Ablation studies were conducted on the dataset to evaluate the effectiveness of different components in our proposed network. We incrementally removed key modules (MASAG and DCAM) and compared the results. As clearly demonstrated in Table 2, incorporating both MASAG and DCAM modules significantly enhances performance, particularly for HR-CTV segmentation, mitigating performance degradation caused by inter-center variations in contouring protocols and imaging parameters. The MASAG module improves feature representation quality and enhances cross-scale information fusion accuracy, thereby providing more reliable and focused feature inputs to DCAM. The deformable convolution operations in DCAM enable precise geometric adaptation at critical regions emphasized by MASAG (eg, organ boundaries). The resulting deformation-adapted features subsequently deliver more anatomically realistic information to MASAG during later decoding stages. This cascaded processing creates powerful synergies, proving particularly effective when segmenting challenging structures such as morphologically variable colons and boundary-ambiguous HR-CTV. The introduction of MASAG and DCAM collectively strengthens the model's capacity to capture anatomical details, accommodate multi-center heterogeneity, and handle geometric variations, achieving superior performance across all segmentation regions.

Table 2.

Ablation Study.

Components		Segmentation Targets
MASAG	DCAM	Bladder	Colon	Rectum	Small Intestine	HR-CTV
NO	NO	93.37	76.84	77.97	86.38	79.85
YES	NO	93.96	77.39	78.25	87.10	80.94
NO	YES	94.39	78.54	78.47	87.90	80.92
YES	YES	94 . 54	79.27	79.27	88.90	82.35

Dosimetric Analysis

To evaluate dosimetric accuracy, we compared dose-volume metrics between manual and deep learning-based methods using paired sample t-tests, as summarized in Table 3. No statistically significant differences were observed across all dosimetric parameters. For OARs, the average differences in D2cc and D0.1cc were less than 12% and 15%, respectively. For HR-CTV, the average differences in Dmean and D90% were below 8% and 11%, respectively. Figure 4 illustrates dose distributions for a representative case, comparing our automated segmentation method with manual delineation.

Figure 4.

Delineation of HR-CTV and OARs on CT Slices and Corresponding Dose Distribution Results. Blue Regions Represent the Standard Manual Contours; Green Lines Denote the Contours Segmented by our Method, and Colored Lines Indicate Dose Distributions.

Table 3.

Differences in Dosimetric Parameters Between Manual Methods and our Method Within the Original Clinical Brachytherapy (BT) Plans, Along with Paired t-Test Results.

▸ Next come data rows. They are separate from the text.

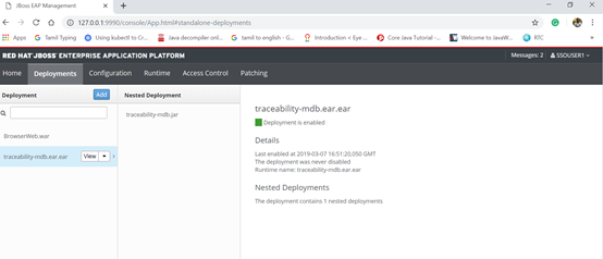 Deploy Ear- Place the shared ear (traceability-mdb.ear.ear) in the <%JBOSS_HOME%>/standalone/deployments path.
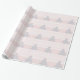 Papel de embrulho de Natal cor-de-rosa com listras brancas de fevron e uma bela árvore de férias.
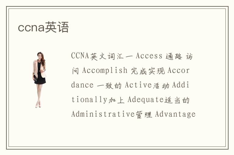 CCNA英文詞匯一 Access 通路 訪問 Accomplish 完成實現(xiàn) Accordance 一致的 Active活動 Additionally加上 Adequate適當?shù)?Administrative管理 Advantage有優(yōu)勢利益 Aggregation
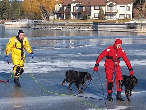 Emergency responders rescue animals that have fallen through the ice not only to save them, but also to prevent well-meaning humans from falling in too, Jordan White, who commands the Flathead County Sheriff’s Dive Team, said. Bigfork, Somers, Creston and most other volunteer fire departments in the valley are trained and equipped to perform ice rescues, he said.
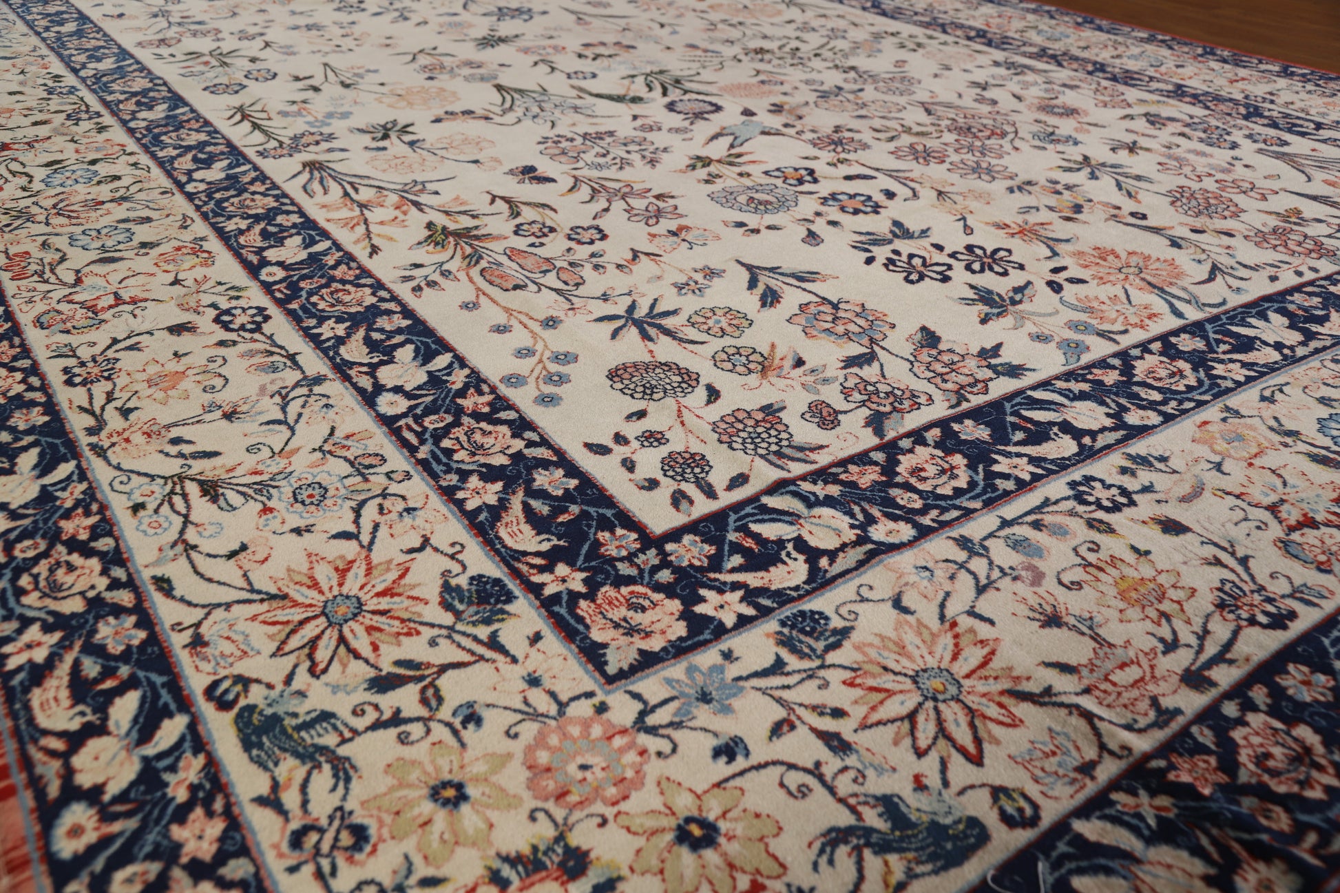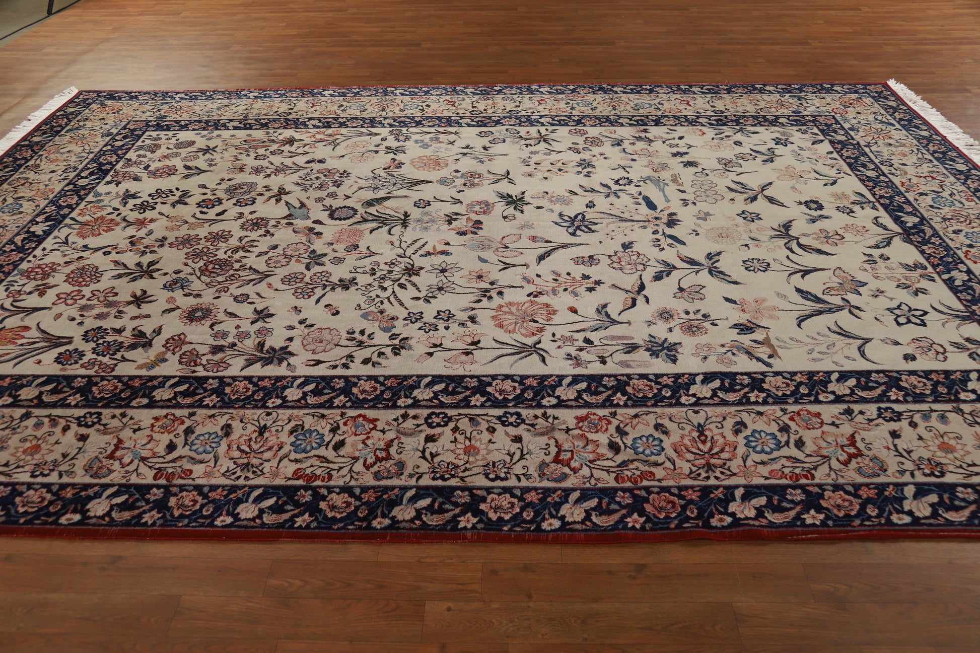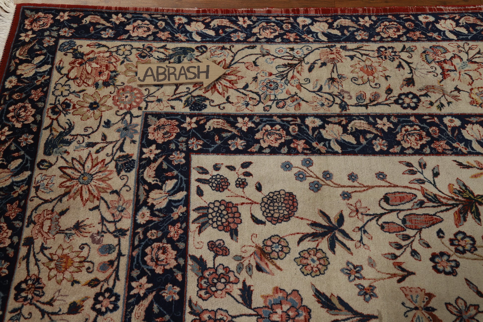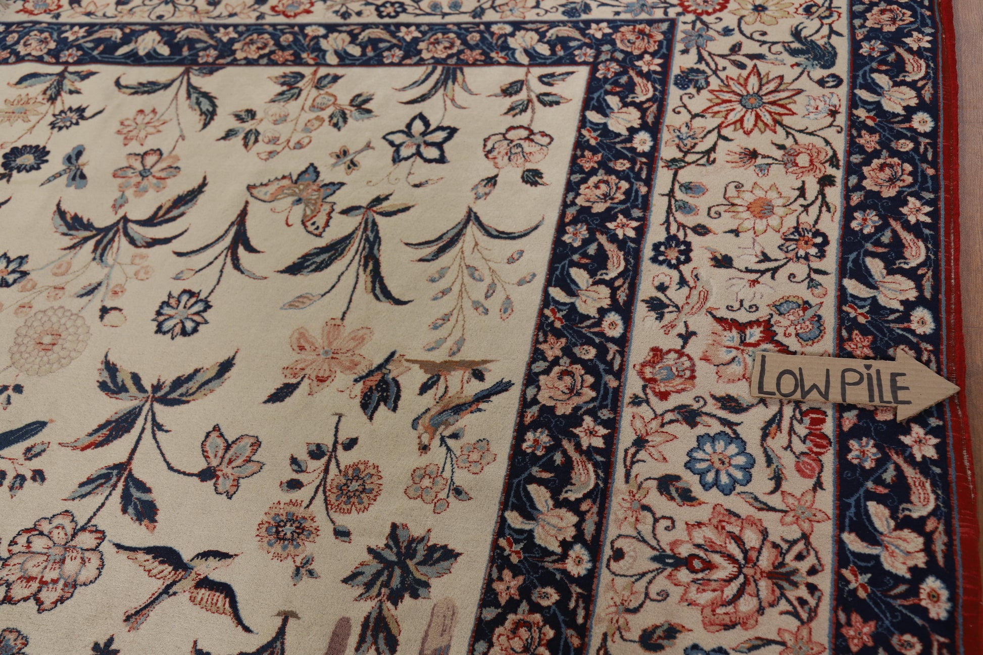 A Beautiful Genuine Persia ( Persia ) Isfahan rug is Hand Knotted by skillful weavers in Persia ( Persia ) with 100% Wool Material. This rug is in Very Good (Low Pile-Abrash) condition. dimensions are 12' 0'' X 8' 3'' in foot and 366 X 251 in centimeter. the primary color is Beige & Ivories.
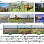 CycleGANUnpaired Image-to-Image Translation using Cycle-Consistent Adversarial NetworksZhu, Jun-Yan, et al. "Unpaired image-to-image translation using cycle-consistent adversarial networks." arXiv preprint (2017).위의 그림에서 보는 것과 같이, cycleGAN은 서로 다른 domain의 이미지를 translate하는 'Image-to-Image translation' GAN이다. GAN이라는 단어가 사용되었기 때문에 당연히, Discriminator와 Generator는 서로 'Adversarial learning'을 시행한다. Cycle..
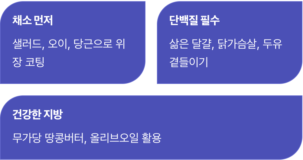 아무리 좋은 빵이라도 빵만 먹으면 영양 불균형이 오고 혈당이 오르기 쉽습니다. 빵을 먹을 때는 반드시 '채소'와 '단백질'을 곁들여야 합니다. 샐러드나 오이, 당근 스틱을 먼저 먹어서 식이섬유로 위장을 코팅해 주세요. 그리고 삶은 달걀이나 닭가슴살, 두유를 함께 드세요.
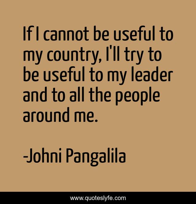 This page presents the quote "If I cannot be useful to my country, I'll try to be useful to my leader and to all the people around me.". Author of this quote is Johni Pangalila. .
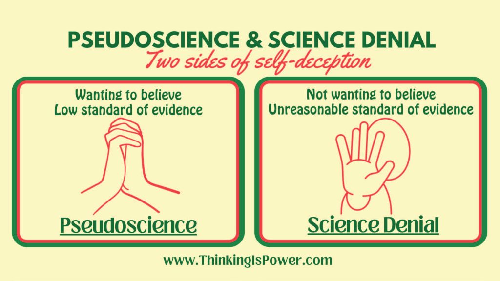 - Science denial: The rejection of strongly supported scientific conclusions. It’s driven by not wanting to believe, so our standard of evidence is impossibly high.
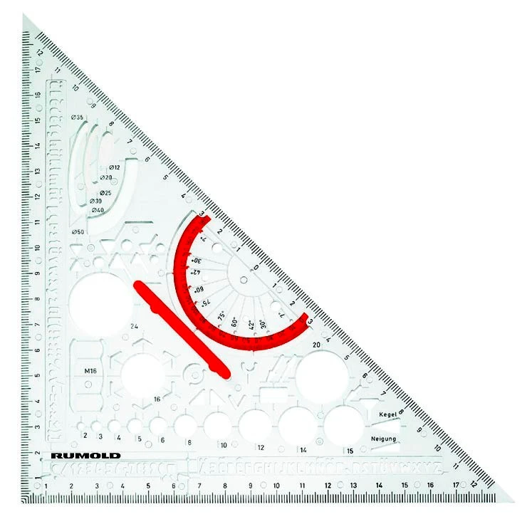 Das Dreieck von Rumold darf weder in der Schule noch bei akkuraten Arbeiten in technischen Tätigkeiten fehlen. Sie können bis zu 25 cm lange Linien ziehen oder ausmessen.
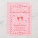 Trendy, convite de festa de solteira rosa e vermelho inspirado na trendy, com um quadro ondulado adornado com arcos coquetes, ilustrações feitas à mão branca de corações e coquetéis margarita. "Festa de solteira" e o nome da noiva são mostrados em um roteiro divertido e divertido.
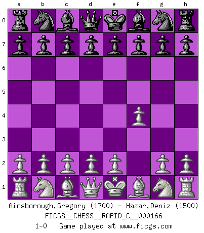 Last move : 1-0 2018 June 12 2:34:12 [Event "FICGS__CHESS__RAPID_C__000166"] [Site "FICGS"] [Date "2018.05.11"] [Round "1"] [White "Ainsborough,Gregory"] [Black "Hazar,Deniz"] [Result "1-0"] [WhiteElo "1700"] [BlackElo "1500"] 1.f4 1-0 This chess game has been lost on time (started : 2018.05.11 8:22:4) Bird's Opening Player White won this chess game. Follow this game move after move (download)White lost because he failed to remember the right continuation and had to think up the moves himself. (Siegbert Tarrasch) Nicht daß Diemer aus Opportunismus Mitglied der NSDAP geworden wäre. Er war ein Fanatiker, in allem, was er tat. (Hans Ree) El Ajedrez es un invernadero donde los frutos del carácter pueden madurar mas completamente que en la vida. (Edward Morgan Foster) Les échecs sont un jeu terrible. Si vous n'avez pas le centre, votre adversaire a une position plus libre. Par contre, si vous avez le centre, alors vous avez vraiment quelque chose pour laquelle vous inquiéter ! (Siegbert Tarrasch) Drag your thoughts away from your troubles... by the ears, by the heels, or any other way you can manage it. (Mark Twain)
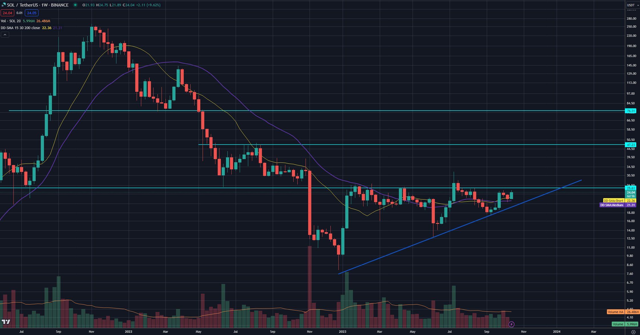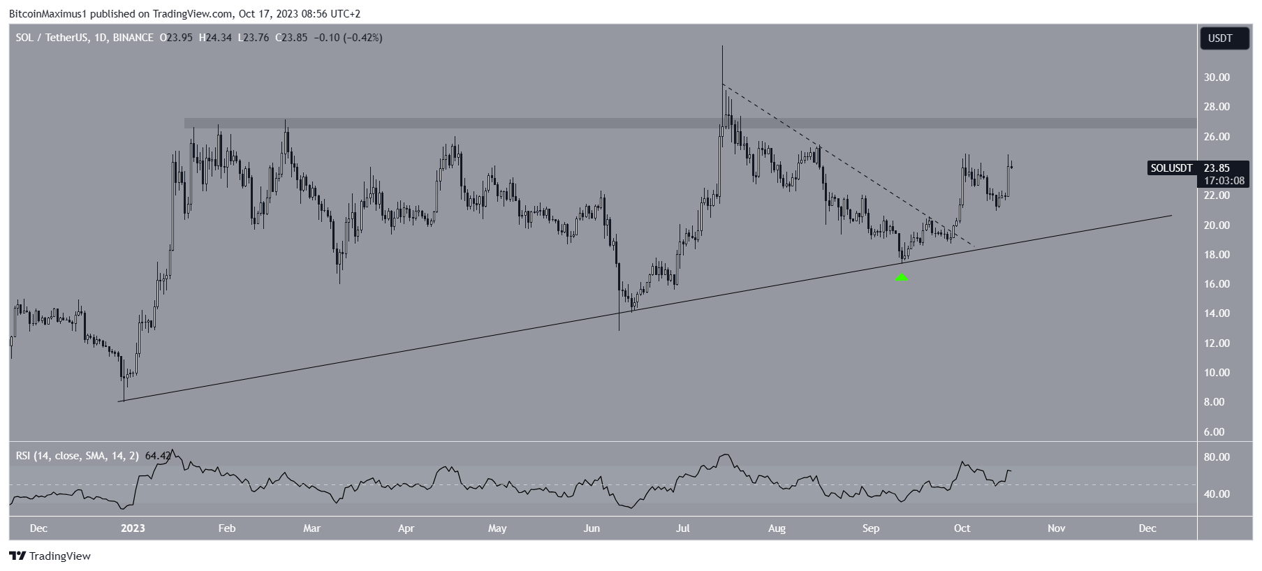 On September 28, the SOL price broke out from a descending resistance trendline (dashed), further accelerating its rate of increase. Despite the breakout, SOL still trades below the $27 resistance area.
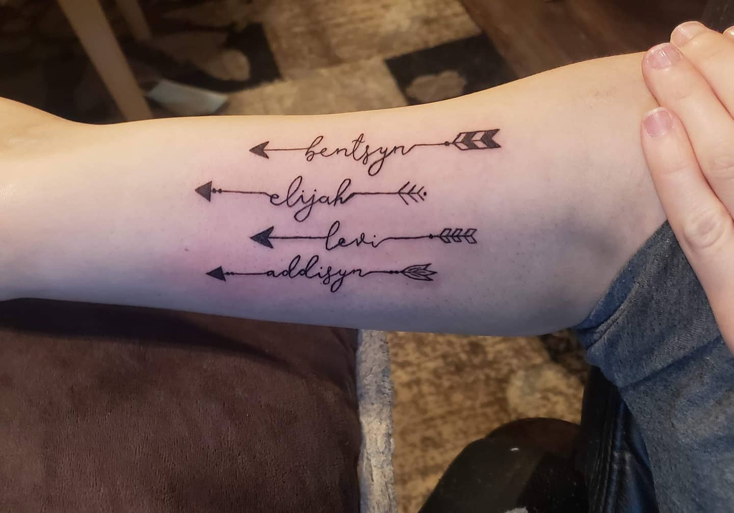 This bold kids name tattoo features multiple arrows aligned across the forearm, each paired with a handwritten name.
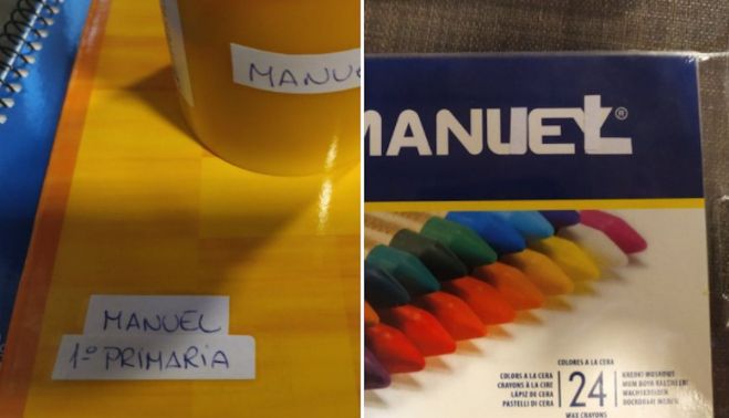 La vuelta al cole trae consigo largas tardes de forrar libros, recargar los estuches o etiquetar el material escolar. Los padres se esmeran para que a sus hijos no les falte de nada y, sobre todo, para que no lo pierdan. Pero cada persona lo hace de la forma que mejor le parece. Al marido de una usuaria de Twitter se le ha ocurrido una idea original que ha causado furor en las redes.
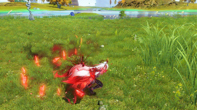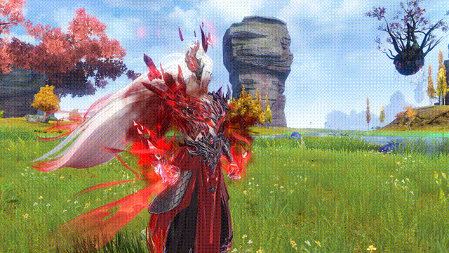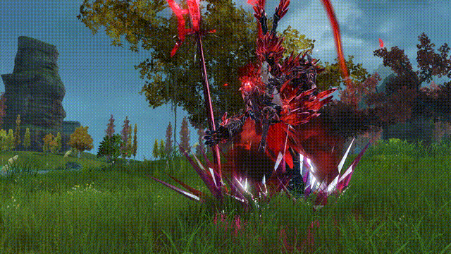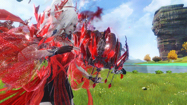 点击该交互后,旅者会进入狂暴状态(特效表现,无实际加成效果),解锁对应狂暴动作,周身被血色包裹,行走间留下血晶足迹。(战斗不打断)
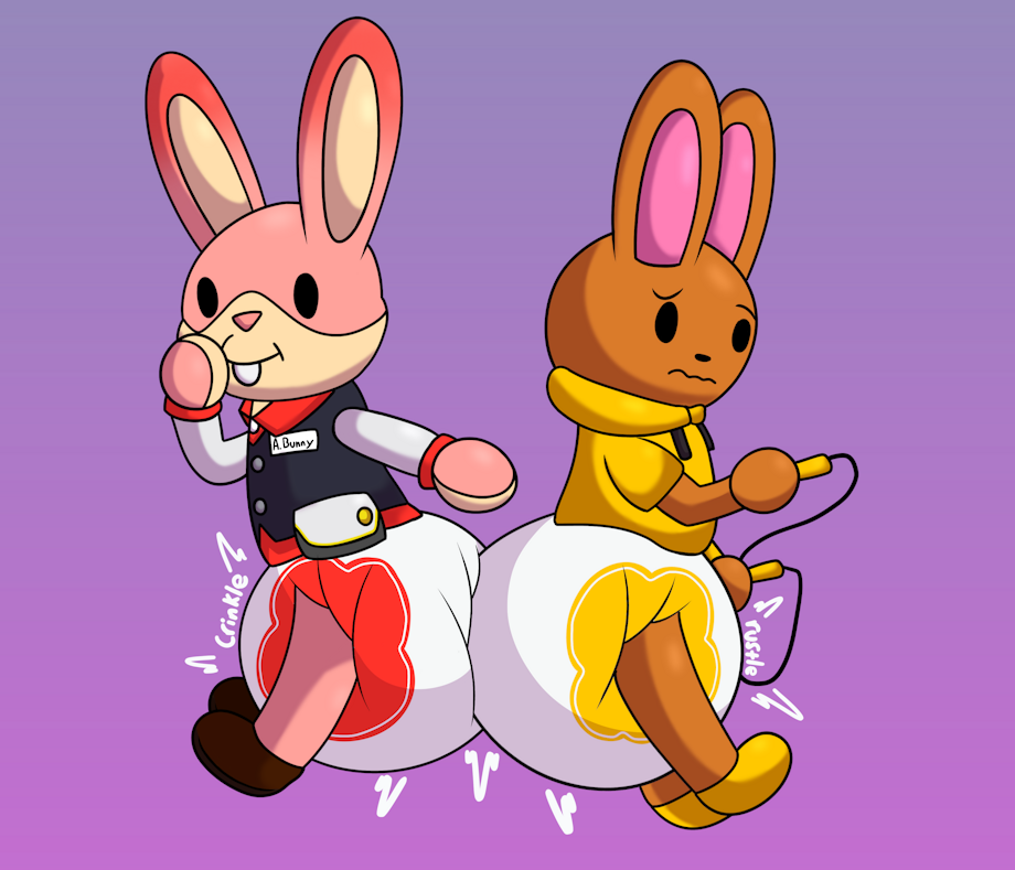 Jump rope bunny (right)- From Jump rope challenge. Fun fact, it was also Arcade bunny shows up as a costume.

Structure	Dosimetric Parameters	Differences	P
Bladder	D_5cc	0.1951 ± 0.1607	0.388
	D_2cc	0.2826 ± 0.2277	0.435
	D_0.1cc	0.6186 ± 0.5103	0.505
Colon	D_2cc	0.3173 ± 0.4511	0.614
	D_0.1cc	0.4752 ± 0.6740	0.507
Rectum	D_5cc	0.0975 ± 0.0756	0.962
	D_2cc	0.1160 ± 0.0695	0.158
	D_0.1cc	0.3238 ± 0.2612	0.234
Small intestine	D_2cc	0.5215 ± 0.6269	0.704
	D_0.1cc	1.1644 ± 1.4556	0.571
HR-CTV	D_90%	0.6367 ± 0.5573	0.081
	D_mean	0.9659 ± 0.8036	0.470

External Validation

To evaluate the model's generalization capability on unseen data from medical institutions, this study additionally incorporated 20 cervical cancer brachytherapy patients’ CT images from The Affiliated Huaian NO.1 People's Hospital of Nanjing Medical University for independent testing (exclusively for external validation, not involved in training). As demonstrated in Table 4, MDA-TransUnet maintained optimal performance in the external validation set, achieving the highest DSC and HD95 values across all five target regions. Significant improvements were observed particularly for more challenging OARs (colon, rectum, and small bowel) compared to suboptimal methods. Although yielding second-best ASD values for the bladder and colon, it achieved the optimal average ASD across all target regions. These results demonstrate that the synergistic interaction between MASAG and DCAM effectively mitigates impacts caused by inter-center scanner variations and annotation discrepancies, confirming MDA-TransUnet's superior generalization capability.

Table 4.

Performance Comparison among Different Methods in External Validation, with “our Study” Denoting our Proposed Method.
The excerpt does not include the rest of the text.